Source material -
>>>>>

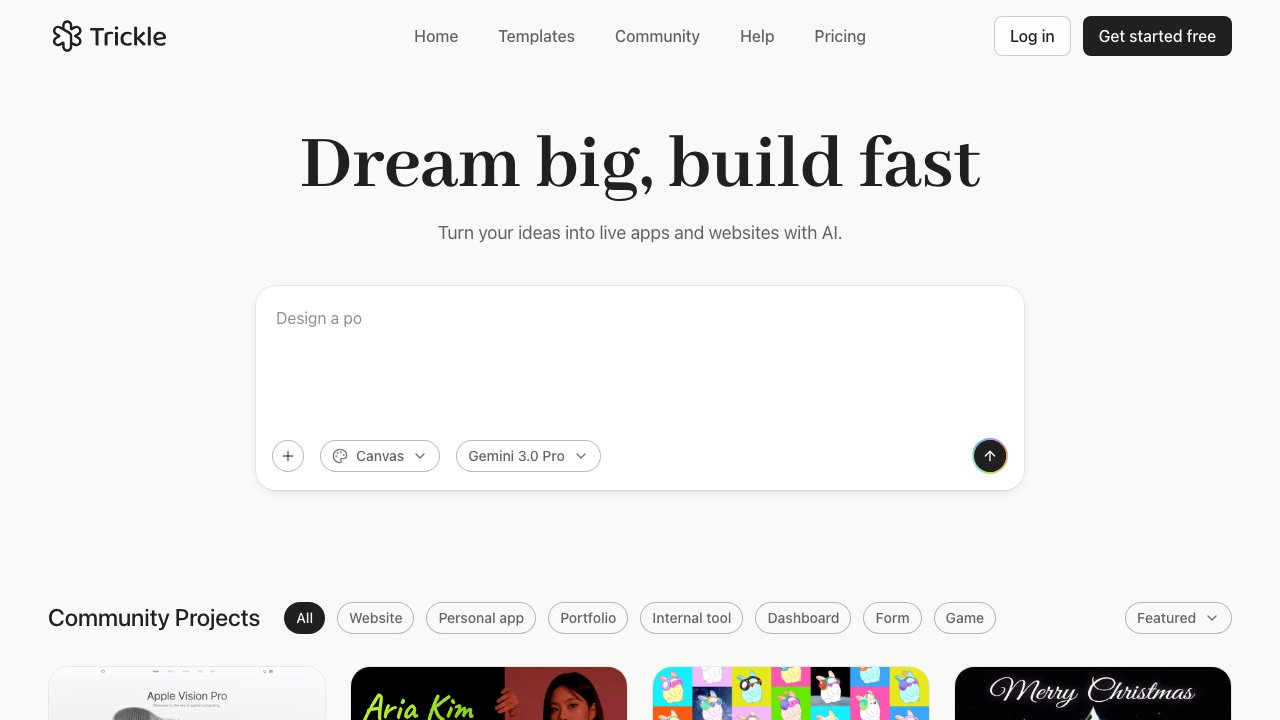 独特优势 相比于深度依赖终端环境的硬核 AI 编程工具,Trickle 创新的“白板式”交互极大降低了门槛。它巧妙地结合了设计与代码生成,零学习曲线,在极速原型开发和中小型应用构建领域独树一帜,比传统无代码工具更智能,比纯文本 AI 更具视觉感知。
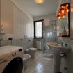 Il bagno ha una doccia con con box in vetro, WC, bidet, lavello e lavatrice.
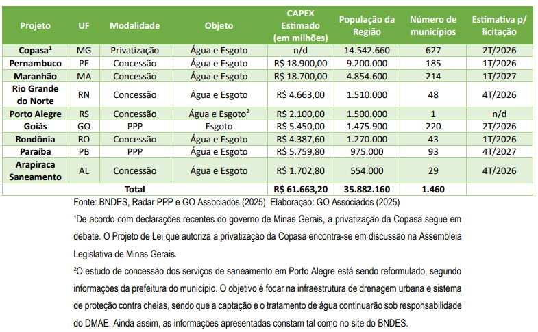 De acordo com um estudo do Instituto Trata Brasil, que avalia o estágio de implementação do Marco Legal do Saneamento Básico, nove projetos estão em fase avançada de estruturação, com expectativa de conclusão em 2026.

<<<<<

In your output, repeat the listing above exactly and include none of the pictures.

 独特优势 相比于深度依赖终端环境的硬核 AI 编程工具,Trickle 创新的“白板式”交互极大降低了门槛。它巧妙地结合了设计与代码生成,零学习曲线,在极速原型开发和中小型应用构建领域独树一帜,比传统无代码工具更智能,比纯文本 AI 更具视觉感知。
 Il bagno ha una doccia con con box in vetro, WC, bidet, lavello e lavatrice.
 De acordo com um estudo do Instituto Trata Brasil, que avalia o estágio de implementação do Marco Legal do Saneamento Básico, nove projetos estão em fase avançada de estruturação, com expectativa de conclusão em 2026.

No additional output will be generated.